### TASK
Repeat the entries without change, omitting the pictures.

### RECORDS PROVIDED
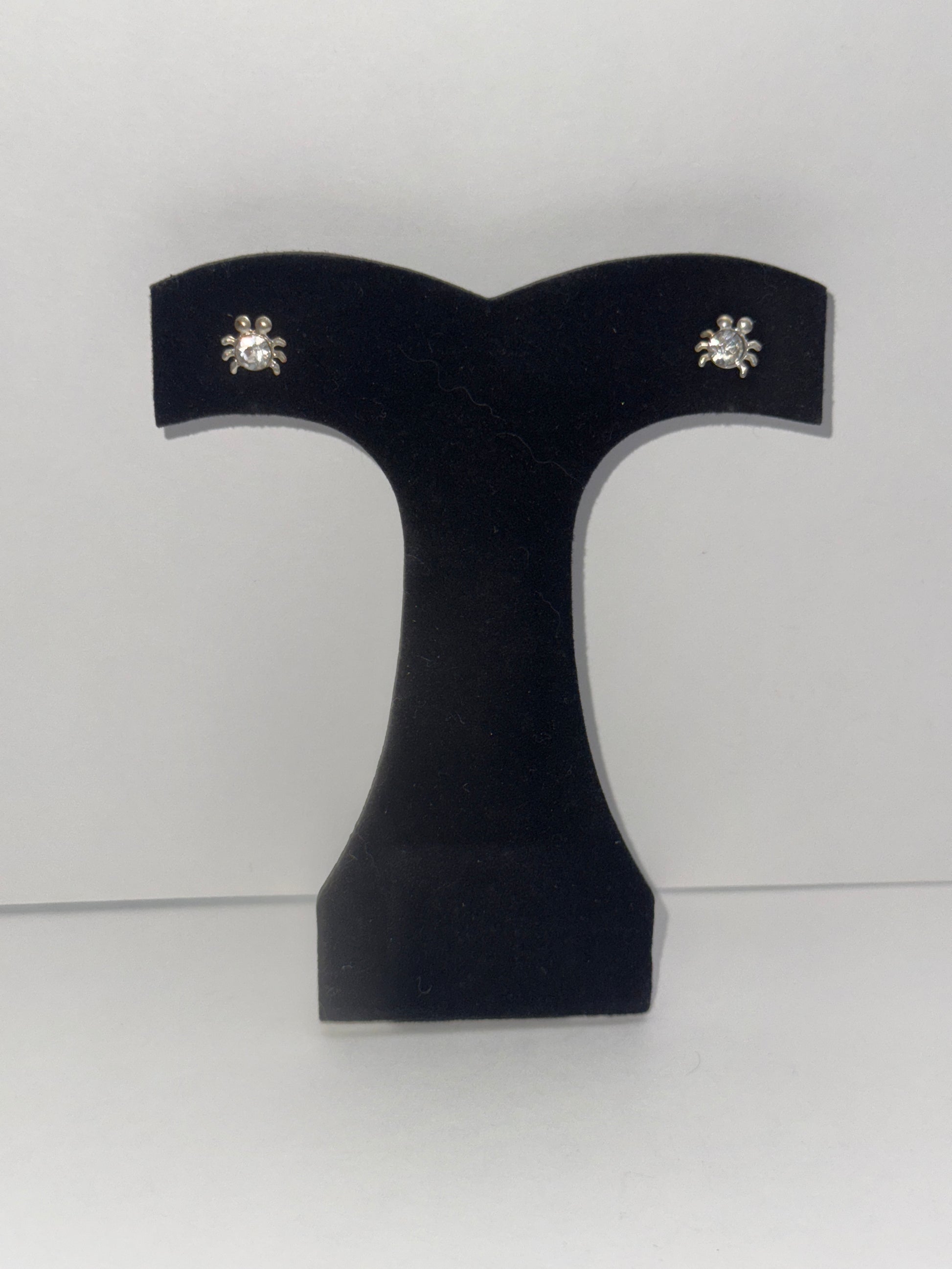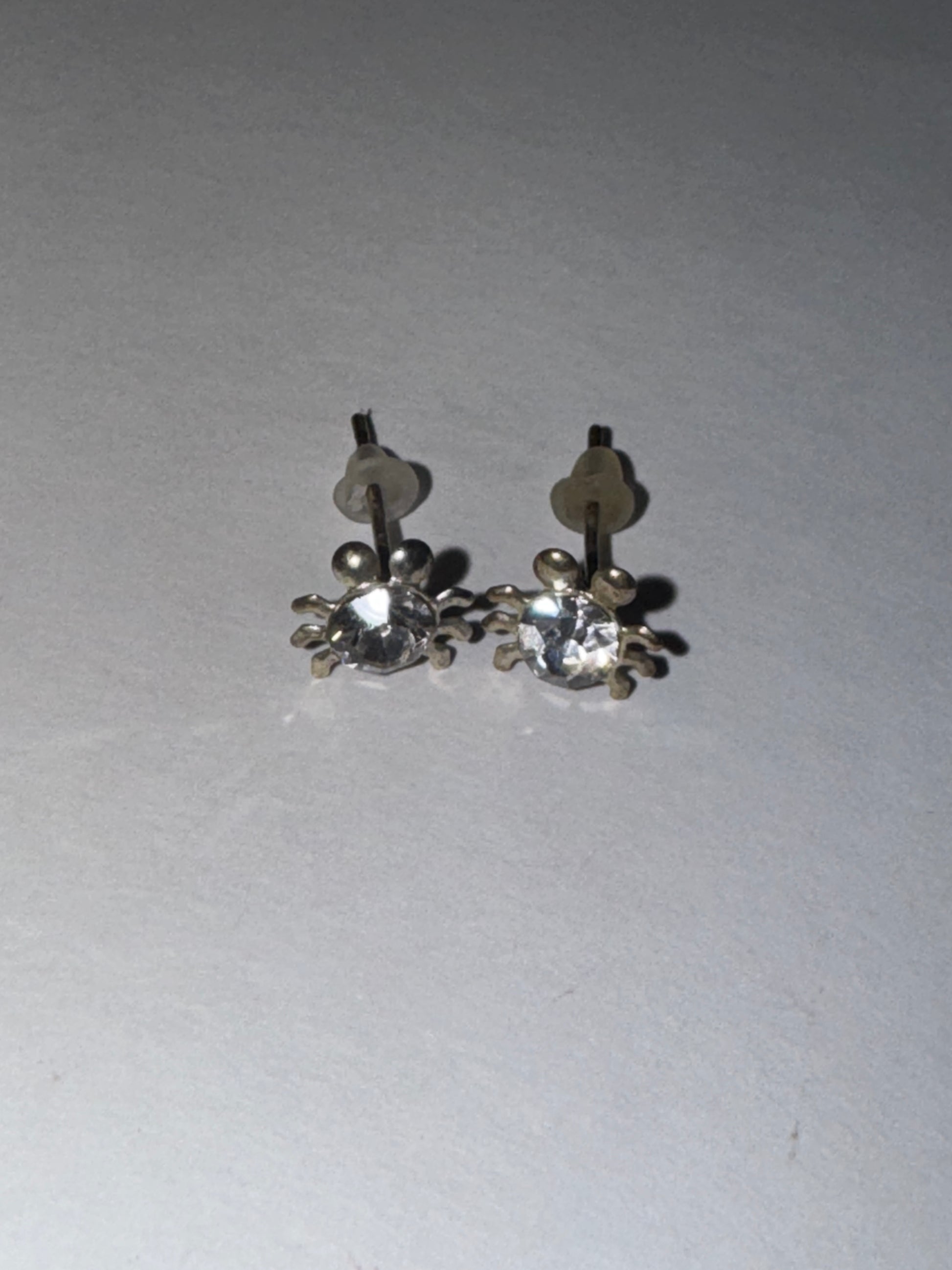 Solid sterling silver earrings shaped like a cute little spider with a rhinestone in the center. 8.25mm Spider Clear Cz and sterling silver post earrings. 4.63mm in size come with a silicone stoppers. The center Cz stone is actually 4.63mm. These will be shipped with an anti-tarnish paper in the baggie with the earrings so they don't tarnish as fast.
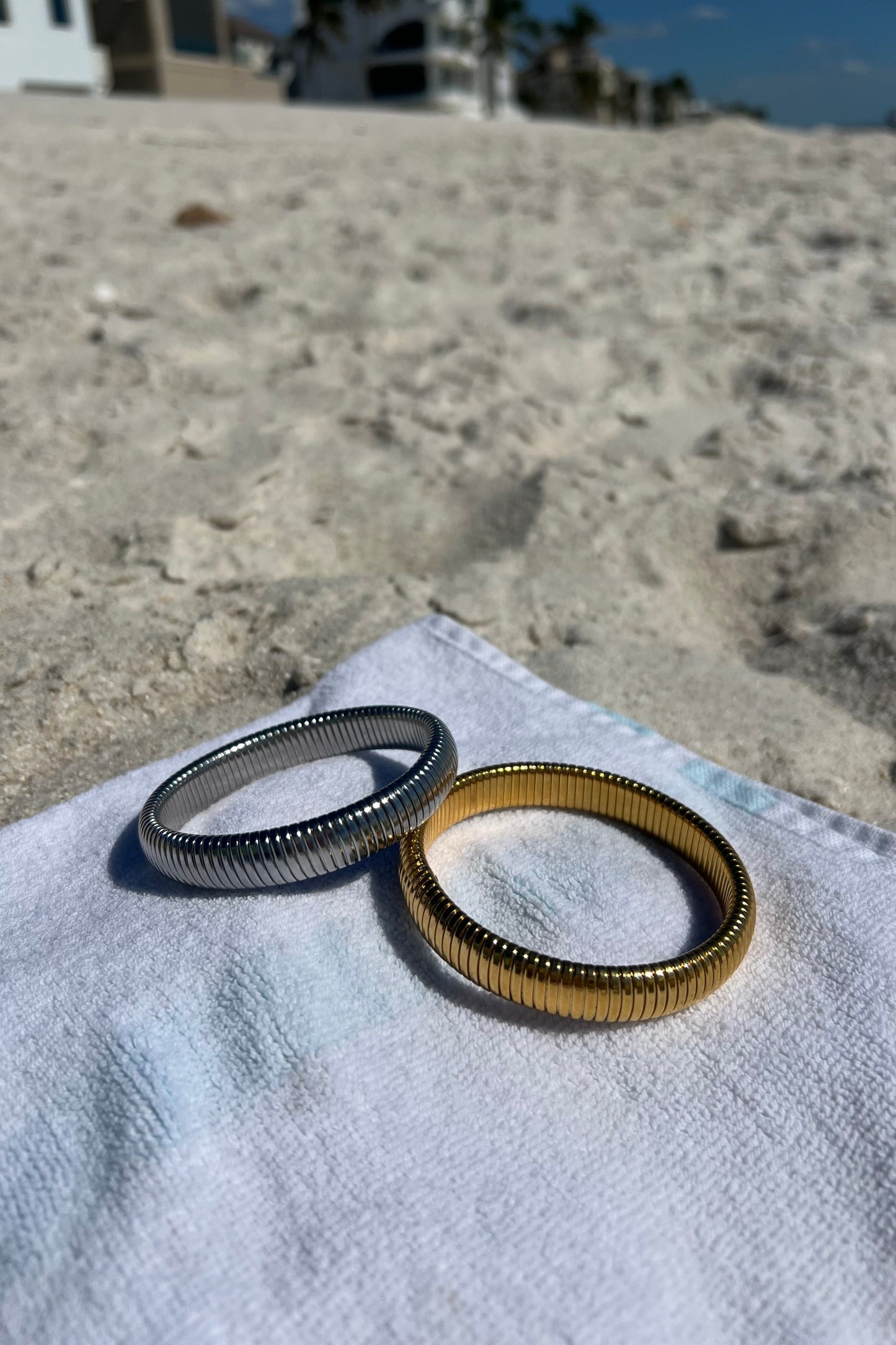 This semi-stretch cobra ribbed bracelet is crafted from high-quality stainless steel for a beautiful, glossy shine that won't fade over time. Its semi-stretchable design provides a personalized, comfortable fit that won't let you down.
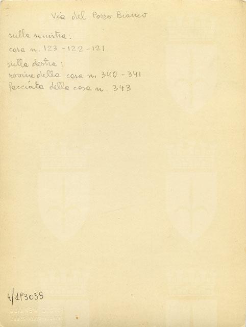 Via del Pozzo Bianco in Cittavecchia durante le demolizioni previste dal piano urbanistico fascista. Sulla sinistra le case ai civici nn. 123-122-121, sulla destra i resti della casa nn. 340-341 e la facciata della casa n. 343.
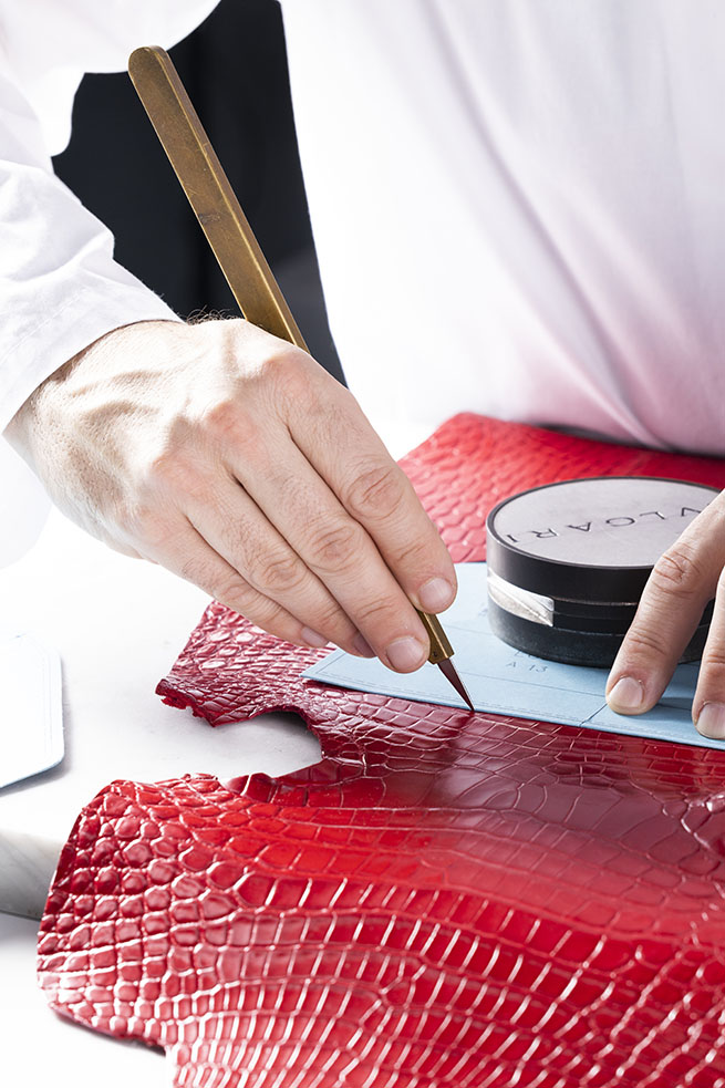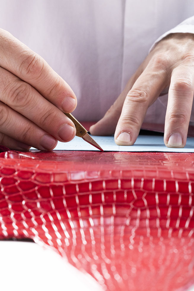 Divinement structuré, le sac est réalisé en cuir de crocodile, l’une des matières les plus exclusives en maroquinerie, particulièrement appréciée pour sa texture riche, sa polyvalence incomparable et son aspect raffiné. Cette matière luxueuse est sublimée par le mariage de techniques innovantes et traditionnelles des artisans talentueux de la Maison. Passé maître dans l’art de capturer les nuances inimitables de la nature dans une palette de couleurs inspirées des gemmes, le Joaillier de la maroquinerie teinte cette matière magnifique de vert émeraude et de rouge rubis pour rehausser son charme naturel grâce à la « finition millénaire ». Un processus novateur qui consiste à associer des cires et des caséines activées lors de l’étirage final à 120 degrés, conférant à la pièce une brillance fascinante.
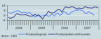 In het derdekwartaal van 2007 was het volume van de bruto toegevoegde waarde (basisprijzen) van de industrie 2,2 procent groter dan dat van het overeenkomstige kwartaal van 2006. Daarmee bleef het groeitempo iets onder dat van het tweede kwartaal van 2007. In het tweede kwartaal van 2007 groeide het volume van de bruto toegevoegde waarde van de Nederlandse industrie nog met 2,5 procent. In het eerste kwartaal van 2007 was de groei 4,4procent. In 2006 kwam de groei van het volume van de bruto toegevoegde waarde in de industrie uit op 2,3 procent.
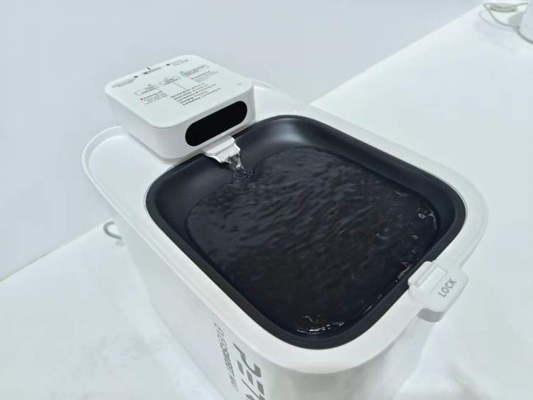 宠物喜欢扒拉啃咬饮水机的充电线?一款今年9月将上市的无线智能饮水机首次亮相展会。这款饮水机有效容量为3L,搭载有接近传感器,可以感知到宠物接近。

### RESPONSE BELOW
 Solid sterling silver earrings shaped like a cute little spider with a rhinestone in the center. 8.25mm Spider Clear Cz and sterling silver post earrings. 4.63mm in size come with a silicone stoppers. The center Cz stone is actually 4.63mm. These will be shipped with an anti-tarnish paper in the baggie with the earrings so they don't tarnish as fast.
 This semi-stretch cobra ribbed bracelet is crafted from high-quality stainless steel for a beautiful, glossy shine that won't fade over time. Its semi-stretchable design provides a personalized, comfortable fit that won't let you down.
 Via del Pozzo Bianco in Cittavecchia durante le demolizioni previste dal piano urbanistico fascista. Sulla sinistra le case ai civici nn. 123-122-121, sulla destra i resti della casa nn. 340-341 e la facciata della casa n. 343.
 Divinement structuré, le sac est réalisé en cuir de crocodile, l’une des matières les plus exclusives en maroquinerie, particulièrement appréciée pour sa texture riche, sa polyvalence incomparable et son aspect raffiné. Cette matière luxueuse est sublimée par le mariage de techniques innovantes et traditionnelles des artisans talentueux de la Maison. Passé maître dans l’art de capturer les nuances inimitables de la nature dans une palette de couleurs inspirées des gemmes, le Joaillier de la maroquinerie teinte cette matière magnifique de vert émeraude et de rouge rubis pour rehausser son charme naturel grâce à la « finition millénaire ». Un processus novateur qui consiste à associer des cires et des caséines activées lors de l’étirage final à 120 degrés, conférant à la pièce une brillance fascinante.
 In het derdekwartaal van 2007 was het volume van de bruto toegevoegde waarde (basisprijzen) van de industrie 2,2 procent groter dan dat van het overeenkomstige kwartaal van 2006. Daarmee bleef het groeitempo iets onder dat van het tweede kwartaal van 2007. In het tweede kwartaal van 2007 groeide het volume van de bruto toegevoegde waarde van de Nederlandse industrie nog met 2,5 procent. In het eerste kwartaal van 2007 was de groei 4,4procent. In 2006 kwam de groei van het volume van de bruto toegevoegde waarde in de industrie uit op 2,3 procent.
 宠物喜欢扒拉啃咬饮水机的充电线?一款今年9月将上市的无线智能饮水机首次亮相展会。这款饮水机有效容量为3L,搭载有接近传感器,可以感知到宠物接近。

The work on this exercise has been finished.